Abstract

Abstract Crude oil and natural gas have been major pillars of the modern civilization during the past century. They are among the most valuable depletable global resources. The energy market has witnessed many oil price shocks during the past several decades. Such instabilities have impacted the global oil and gas industry in ways that have included disruption of investment in the infrastructure, slowdown of advancements in technology development, and backwardness on attracting and training creative solution providers. OPEC (Organization of Petroleum Exporting Countries) has been partly blamed for instigating such price instabilities. Recently, and since the latter part of 2014, in the fear that the shale resource developments may affect the market share of the OPEC producers, oil prices have dropped significantly because of OPEC countries, while suffering losses to their own economies, flooded the market with cheap oil.
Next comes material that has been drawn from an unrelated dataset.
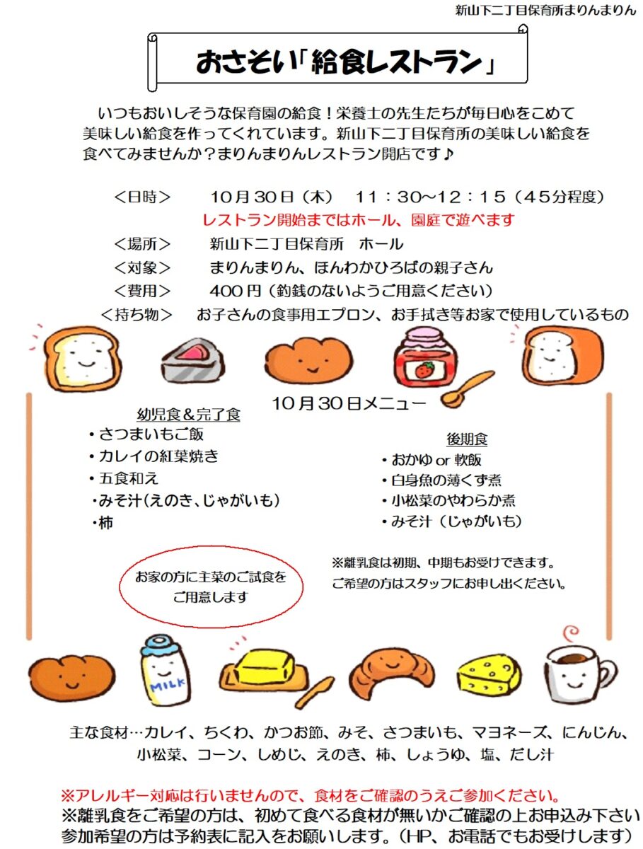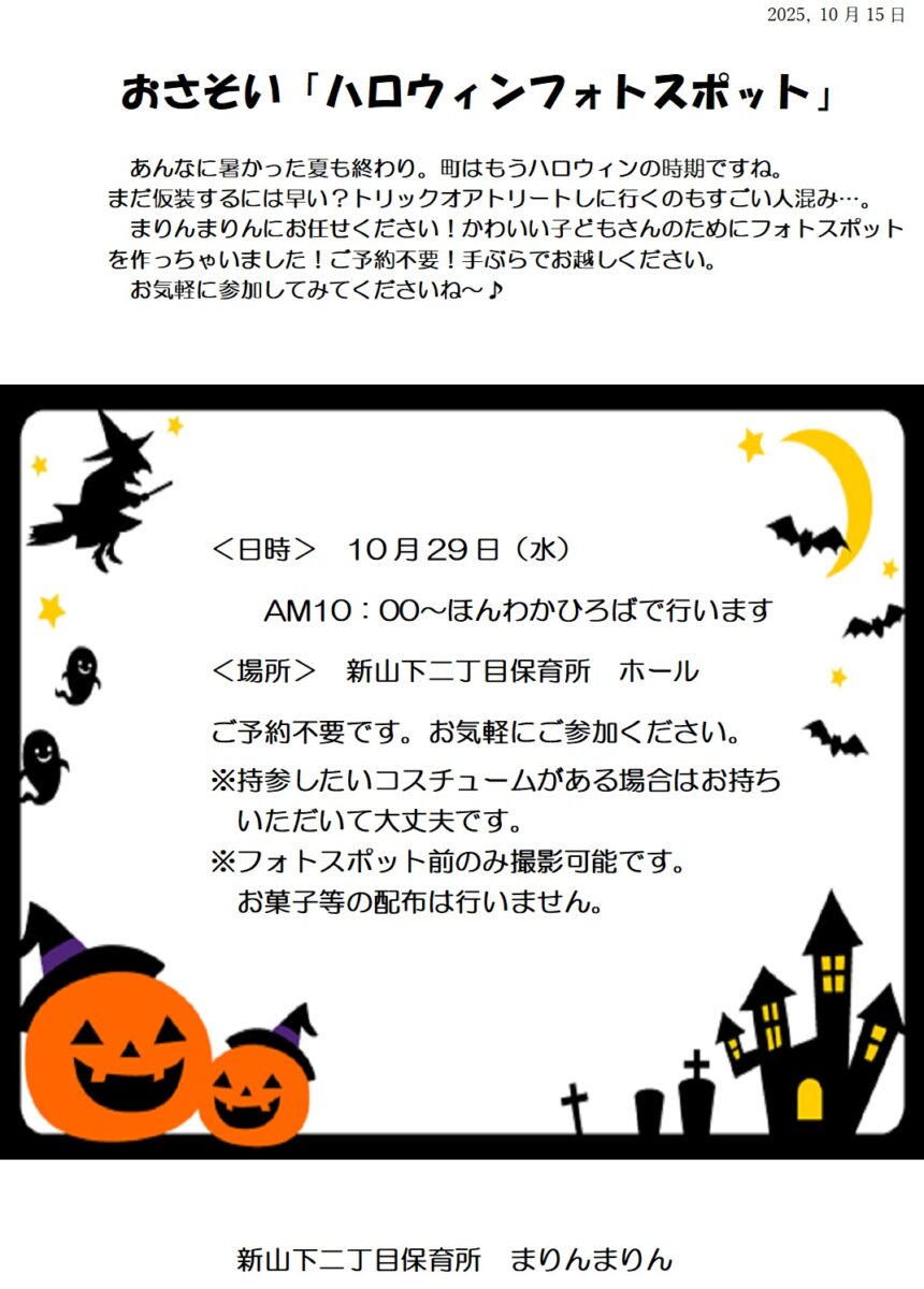 10月29日(水)「ハロウィンフォトスポット」開催します!こちらはご予約不要です。10月30日(木)「給食レストラン」ご予約開始しました!11月8日(土)「ファミリーデイおいもさがしゲーム」もご予約開始です! | まりんまりん | 新山下二丁目保育所

The global oil industry is now facing a similar situation it has faced several times during the last three decades. Advantages and disadvantages of low oil prices for both net exporters and net importers of crude oil, as well as the global economy, have been extensively discussed in the literature. Based on the available statistics, while in the short terms, OPEC producers may regain their market shares by producing low cost conventional oil and discouraging shale oil and gas developments, in the long runs, this might not be a successful strategy. OPEC countries in few decades will be paying a high price when their conventional resources reach to levels barely satisfying their domestic needs. Furthermore, because of current orchestrated low prices for shale resources they are preventing their own countries from investing in the development of unconventional resources in terms of technology, manpower and pace of development. In this study we examine the potential of source rock development in some OPEC countries and discuss the importance of realizing the real value of crude oil when it gets to pricing a depletable resource and considering the substitution cost.